Sag, macht es Sinn, vormittags um viertel nach neun mitten im November auf einer Parkbank zu sitzen und sich nach Sinn zu fragen? Nach irgendeinem?
Nach dem Sinn des heutigen Freitags zum Beispiel, des morgigen Samstags und des gestrigen Donnerstags gleich mit. Nach dem Sinn von Herzschmerz und Ungerechtigkeit, von alltäglichen Erfolgen und immer wieder aufs Neue gemachten Fehlern… und was soll das überhaupt mit diesen hässlichen Zehensocken? Ich sitze alleine auf jener Parkbank, mein Blick schweift in die Ferne.
Direkt neben mir suchen zwei Krähen die noch immer sattgrüne Wiese geduldig nach Essbarem ab. Ob die Krähen sich fragen, worin der Sinn besteht zu essen? Zu krähen? Geduldig auf der Wiese umherzuhüpfen und irgendwann davonzufliegen? Jeden Morgen (sind Krähen morgens müde?) die Flügel zu recken und in einen neuen Tag zu schweben? Vermutlich nicht. Wieso stellt man sich Fragen, auf die man mit ziemlich üppiger Wahr-scheinlichkeit keine Antwort erhalten wird? Weder von sich selbst, noch von anderen. Ha, erwischt. Mal wieder.
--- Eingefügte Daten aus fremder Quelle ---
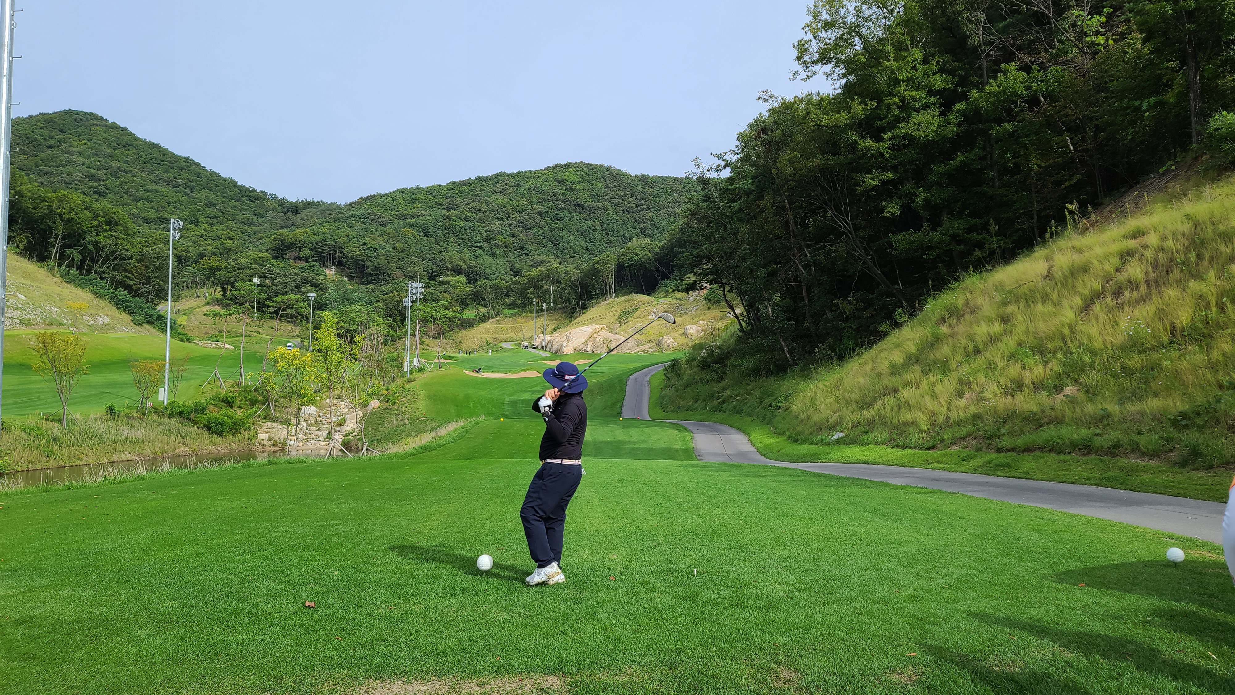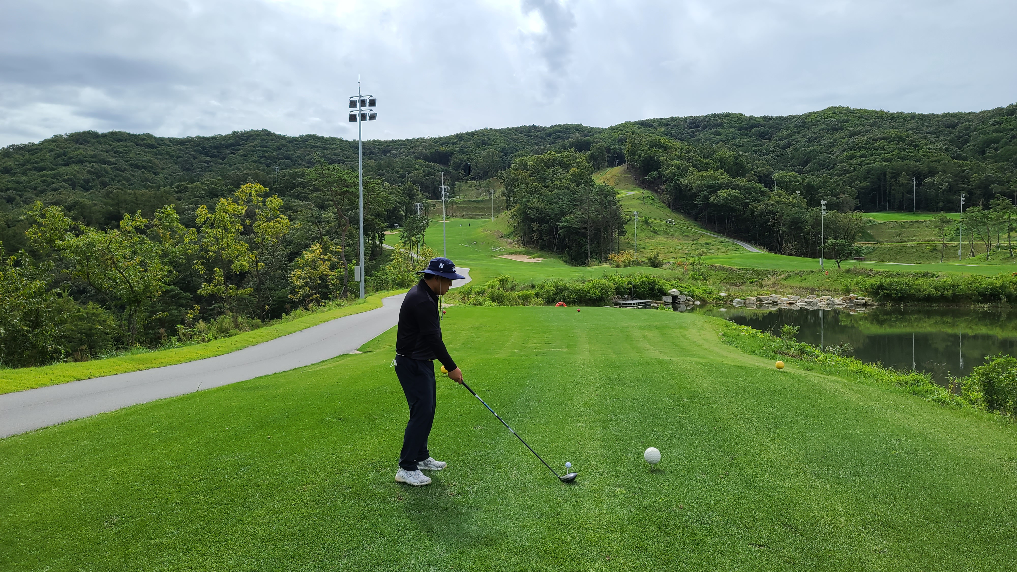 오른쪽이 공간이 없기 때문에 드로우 구질로 티샷을 공략합니다. 내리막이라 마음껏 휘두르면 드로우를 먹고 휘는것을 볼수가 있습니다.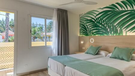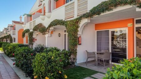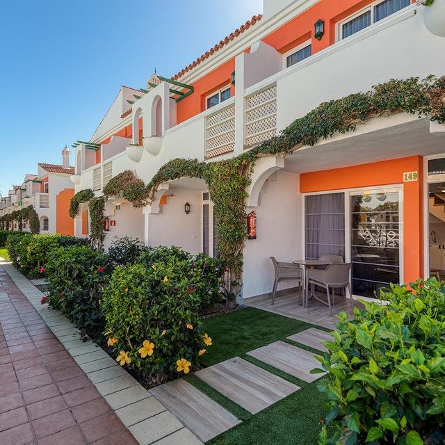 Tussen de wuivende palmbomen en fleurige bloemen en direct naast de golfbaan van Maspalomas vind je de kleurrijke Bungalows Cordial Green Golf. Het mooie zandstrand ligt op 1,5 kilometer afstand.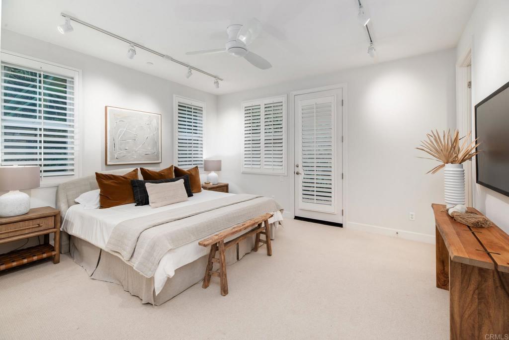 The perfect family retreat less than a mile from the beach, this residence combines spacious design with a lush, tropical atmosphere. Ideally situated along the coast and within walking distance of shops, dining, and hiking trails, the 5-bedroom home rests on a 0.36-acre corner lot with a sparkling pool and no neighbor on one side. Inside, soaring ceilings highlight a thoughtful floor plan that includes a main-level suite with a full bath and private outdoor access. The chef’s kitchen is equipped with GE appliances, dual convection ovens, a griddle, warming drawer, pot filler, and hidden spice racks built seamlessly into the decorative range columns. A nearby powder bath for guests and a spacious laundry room add convenience. All five bedrooms feature en-suite baths with tiled tub surrounds, walk-in closets, and timeless plantation shutters. The primary suite serves as a private sanctuary, complete with dual walk-in closets and a serene, restful ambiance. Designed for effortless indoor-outdoor living, the home offers multiple patios and a covered courtyard with a fireplace—recently enclosed for enhanced privacy. The resort-style backyard boasts turf, vibrant landscaping, a soothing fountain, and a sparkling pool and spa, creating the perfect setting for entertaining or relaxing under the sun. Bonuses include owned Tesla solar and a powerwall back up battery. Close to the San Diego Botanic Garden, Encinitas Ranch Golf Course, the Coastal Rail Trail, Moonlight Beach, and more—this home truly has it all. Welcome home.

Und weshalb fühlt es sich seit jeher so an, als wären passende Antwor-ten auf all die Fragen, die einen Tag für Tag und Nacht um Nacht umtreiben, »der ominöse Schlüssel zum Glück« – und wenn nicht zum Glück, dann zumindest zu so etwas wie Verlässlichkeit? Hast du dir schon einmal überlegt, dass du eigentlich gar nicht lebst, während du nachdenkst? Nicht wirklich, meine ich. Nicht in Echtzeit.
Ja, nun. Bin ich die Einzige hier, die in Echtzeit leben bisweilen eine ganz schön beängstigende Vorstellung findet? Nein, alleine bin ich damit wohl nicht. So manche von uns fürchten sich offenbar vor nichts und niemandem mehr, als vor eben jenem L E B E N.
Ich sitze noch immer auf meiner einsamen Bank – mittlerweile friere ich – und lege den Kopf schief, als ich die Krähen neben mir geräuschvoll davonfliegen höre. Sag, macht auch bloss irgendein Wort der letzten einunddreissig Zeilen irgend so etwas wie Sinn?